It's a tough call. I just ran the numbers on the MPG. If my "corrected" mileage is correct, then the MPG is virtually unchanged. With 19 observations on the 225/70s and 13 observations on the 235/75s, the MPG is 26.3 and 26.1 respectively. With all of the other factors (testing 89 versus 87 full petroleum fuel versus 87 E10, winter driving, summer driving, hauling, etc.) it's tough to say what effect, if any, tire size had. Of course, the illusion of higher MPG with the smaller tires was nicer.

All that said, I think I'm happy with the size. If "fits" the truck better. The wheel wells are filled just a bit more and it feels more like a truck (that might be a bad thing for some people).

Who knows, if I keep the truck as long as I think I will (and I never get my boat), then maybe someday I'll go to a more "street" look. But as it stands right now, I have no intention of replacing these tires until they fail inspection.

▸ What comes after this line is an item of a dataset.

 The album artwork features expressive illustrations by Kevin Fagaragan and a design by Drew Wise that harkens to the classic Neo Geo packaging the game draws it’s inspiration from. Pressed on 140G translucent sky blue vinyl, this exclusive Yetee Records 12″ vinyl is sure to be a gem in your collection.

Did that answer your question


----------



## mitchell35758 (Oct 21, 2005)

sure did

so how are the Kumhos holding up? Excessive wear, balance issues, etc. 

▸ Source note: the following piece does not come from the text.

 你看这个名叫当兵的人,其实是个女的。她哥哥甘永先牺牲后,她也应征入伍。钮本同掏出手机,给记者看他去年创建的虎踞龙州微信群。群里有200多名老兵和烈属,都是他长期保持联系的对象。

I already have a set picked out, but they are a little on the expensive side for the size and will be considering other brands as the time comes closer...

Oh, and I agree with you about them fitting the truck better, thats the only reason why I am looking forward to new tires, my stock tires were slightly smaller than your stock tires because of those stock 15x6 steel wheels I had


----------



## jerryp58 (Jan 6, 2005)

mitchell35758 said:


> sure did
> 
> so how are the Kumhos holding up? Excessive wear, balance issues, etc.
> 
> ...


They've got about 9k miles on them with no signs of wear (but then again, the Generals looked really good at 10k).

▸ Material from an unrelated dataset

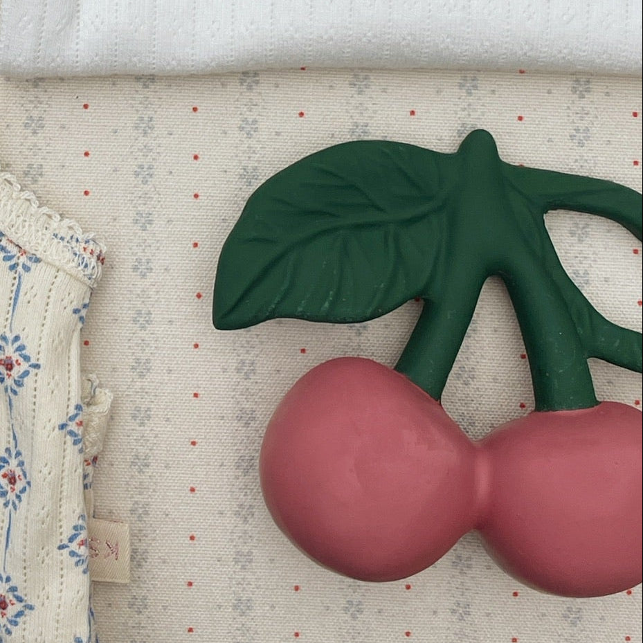 Cute little teether toy made in Konges Slojd's signature cherry design that is easy for little hands to grab and hold.

No alignment, balance, rubbing or any other issues.

As I stated, even though they're only a couple of pounds heavier than the Generals (at least according to the specs), they "feel" heavier. I've gotten used to it, but it's still there.

Bottom line: No Regrets.


----------



## jerryp58 (Jan 6, 2005)

Hey, I noticed that I didn't comment on the tire performance yet (I thought I had done that  )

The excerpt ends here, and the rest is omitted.